Чехов не был противником современного репертуара. Его не удовлетворяло качество пьес, с которыми ему приходилось знакомиться. Его требовательность особенно обострилась после того, как постановку «Фрола Севостьянова» Ю. Родина и П. Зайцева постигла неудача, хотя Михаил Александрович горячо и искренне старался выручить эту слабую пьесу.
«... Часто пресса упрекала меня, — писал он Луначарскому, — в моих тенденциях “отрыва от действительности”. Если я действительность, строгую закономерную действительность стараюсь пронизать ей же свойственной романтикой, горячими чувствами, пламенными порывами жизни, то этим я не только не отрываюсь от нее сам, но и привлекаю, призываю многих и многих к живой действительности.»

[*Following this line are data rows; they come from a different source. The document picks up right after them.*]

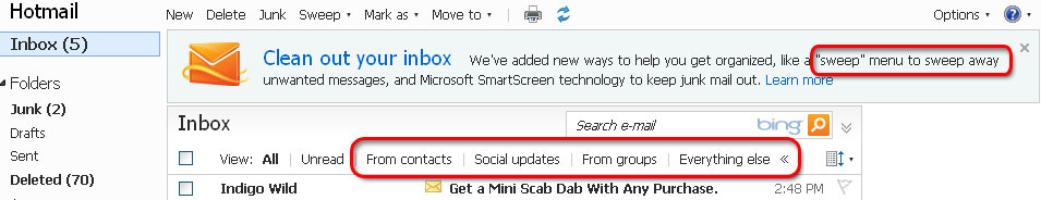 For those who haven’t heard about the upcoming changes to MSN’s Hotmail services, they’ve announced that in order to provide a better inbox for the user, they’re adding features that will help users keep noise out and relevant messages in. Changes include things like a Highlights page that shows users an overview of new messages from those on their contacts list or their social media updates and Filtered Views and Quick Views in the actual Inbox, using similar categories. Note that there isn’t a category for special offers from the email marketing lists the user may subscribe to. The Highlights feature is similar to what Yahoo! did when they rolled from Yahoo! Classic to their newer platform awhile back. For me, anecdotally, it just means one more click before I hit the actual Inbox in its pure form.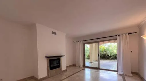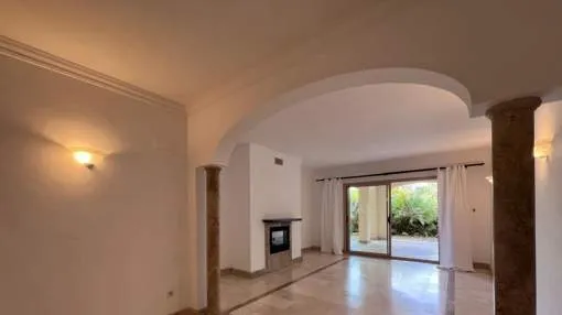Elegante apartamento en planta baja en un complejo residencial de alto standing al lado de campos de golf en Nova Santa Ponsa, suroeste de Mallorca. Comunidad cuenta con sólo 42 apartamentos en 3 edificios que permite llamarla un oasis de paz y tranquilidad. Los residentes y sus huéspedes se benefician del amplio territorio vallado que ofrece una piscina tipo lago, rodeada de bellos jardines tropicales.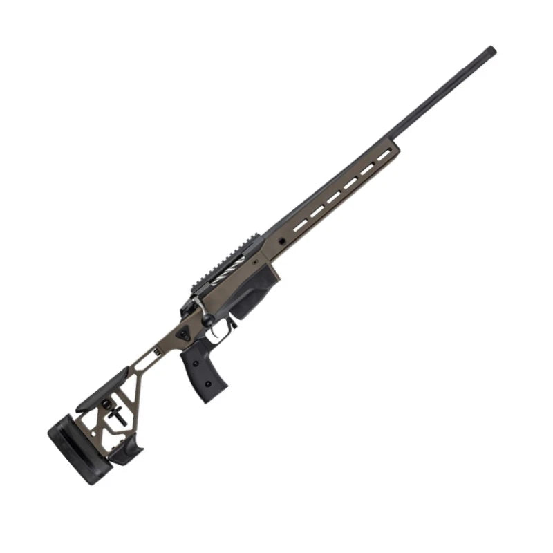 The Tikka T3x ACE Game Bronze is a premium bolt-action rifle built on the same modular chassis as the ACE Target series, optimized for hunting and precision shooting. Chambered in 7mm PRC, it features a 24.3" fluted medium contour barrel, 5/8x24 muzzle thread, and a Midnight Bronze Cerakote finish for durability and stealth.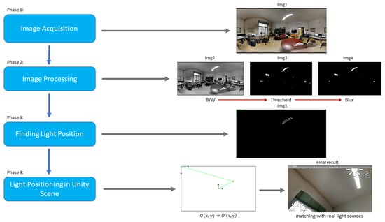 The project starts from the acquisition of the original image through the filtering stages until the positioning of lights in the Unity scene and it finishes in a comparison with the reality matching the results.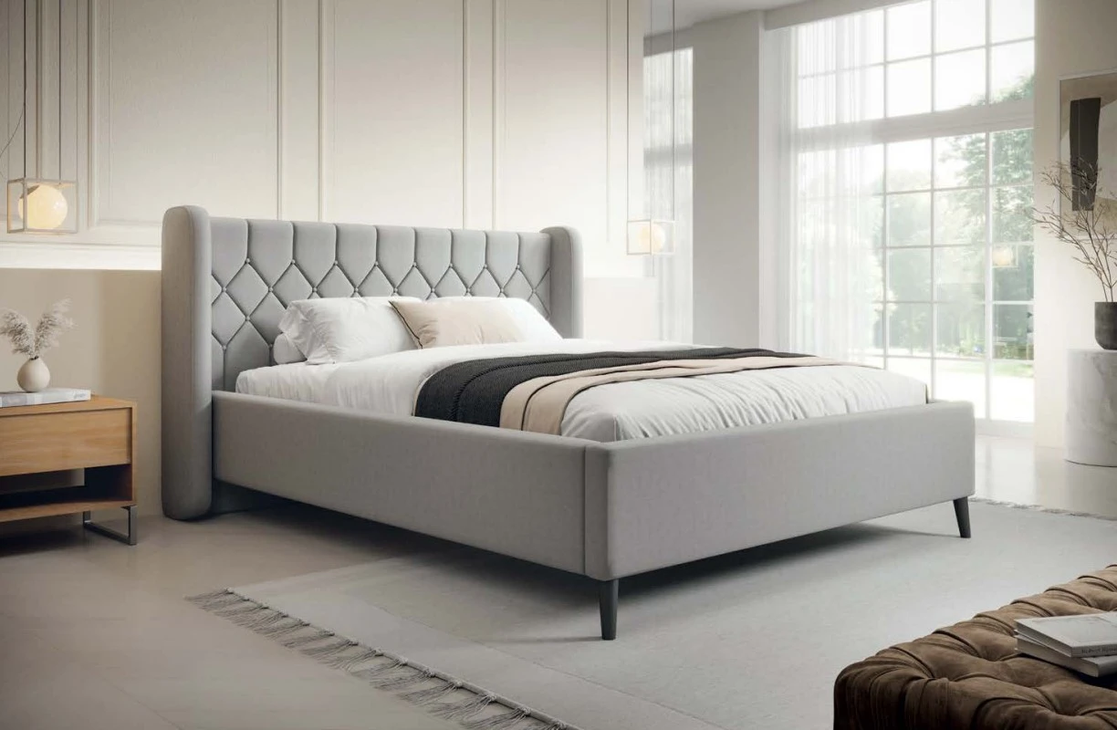 Rama łóżka oraz zagłówek są tapicerowane, a do wypełnienia użyto wysokiej jakości pianki PUR.

В этом же письме у Чехова вырвалось признание: «Я не найду в себе больше сил работать бесплодно в театре и быть вдобавок на подозрении, как человек, всеми правдами и неправдами проводящий на сцену “мистику”. Я художник — это мое общественное лицо. Мои художественные замыслы известны. Как личность — я имею любовь к религиозным вопросам. Но это дело мое личное. В смысле “мистических настроений”, идущих от меня со сцены (как утверждают газетные критики), я должен сказать, что моя забота о том, чтобы не быть назойливо “мистичным”, — больше и умнее, чем забота газетных критиков. Но если в моем творчестве есть краски, которые не нравятся многим около театра стоящим людям, то тут я ничего поделать не могу. Из песни слова не выкинешь. Я не проповедник метерлинковской или андреевской мистики, но как художник я никогда не откажусь от того, что если на сцене является “дух отца Гамлета”, то его надо сделать, чтобы было впечатление “духа”, а не переодетого актера. Это не “мистика”, а художественный вкус».

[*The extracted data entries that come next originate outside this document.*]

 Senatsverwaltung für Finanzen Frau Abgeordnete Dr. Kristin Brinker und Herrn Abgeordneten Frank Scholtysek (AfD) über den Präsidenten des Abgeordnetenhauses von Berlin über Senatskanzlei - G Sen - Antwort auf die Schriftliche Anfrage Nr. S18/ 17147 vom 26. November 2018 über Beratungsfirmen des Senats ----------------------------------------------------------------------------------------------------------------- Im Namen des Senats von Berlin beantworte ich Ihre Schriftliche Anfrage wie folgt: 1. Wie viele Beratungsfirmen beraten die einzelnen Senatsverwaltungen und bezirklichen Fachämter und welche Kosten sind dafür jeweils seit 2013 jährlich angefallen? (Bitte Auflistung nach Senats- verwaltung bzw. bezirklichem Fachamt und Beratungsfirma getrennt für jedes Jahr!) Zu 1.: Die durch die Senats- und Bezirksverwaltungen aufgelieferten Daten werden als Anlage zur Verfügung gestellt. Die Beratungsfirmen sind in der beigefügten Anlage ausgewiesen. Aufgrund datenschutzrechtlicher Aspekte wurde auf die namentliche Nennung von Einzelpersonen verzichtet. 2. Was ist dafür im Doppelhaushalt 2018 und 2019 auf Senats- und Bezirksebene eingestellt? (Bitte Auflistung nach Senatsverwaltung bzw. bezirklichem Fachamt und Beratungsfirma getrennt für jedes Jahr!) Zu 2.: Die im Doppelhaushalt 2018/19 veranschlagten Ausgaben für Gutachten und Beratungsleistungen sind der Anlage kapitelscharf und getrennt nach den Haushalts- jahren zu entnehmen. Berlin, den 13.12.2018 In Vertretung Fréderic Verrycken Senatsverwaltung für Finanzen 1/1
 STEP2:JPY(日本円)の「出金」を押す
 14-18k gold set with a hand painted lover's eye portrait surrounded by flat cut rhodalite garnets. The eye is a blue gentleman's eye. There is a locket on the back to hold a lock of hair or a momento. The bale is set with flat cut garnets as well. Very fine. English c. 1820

Заканчивая длинное письмо «о самом дорогом, волнительном и близком», Чехов пишет, что ответ Анатолия Васильевича решит его судьбу.
Такая постановка вопроса в письме из-за рубежа неверна с многих точек зрения. Могло создаться впечатление, что Чехов ставит какие-то условия, предъявляет требования, хотя письмо написано скромно и в самом уважительном тоне.
Видимо, были веские причины, почему вопрос Чехова в тот период не был решен положительно. Но разве могло это быть поводом для невозвращения на родину?
В театральных кругах в те дни было известно только о сложном внутреннем кризисе художника, о чем свидетельствует его письмо труппе МХАТ 2-го, написанное в тот же период:
«. Оставаться в театре в качестве актера, просто играющего ряд ролей, — для меня невозможно, потому что я уже изжил стадию увлечения отдельными ролями. Меня может увлекать и побуждать к творчеству только идея нового театра в целом, идея нового театрального искусства».
Отход от ролей, охлаждение к актерской работе — это уже трагично для такого артиста, как Чехов. Но почему не искать путей к обновлению сценического искусства с прежними товарищами по театру?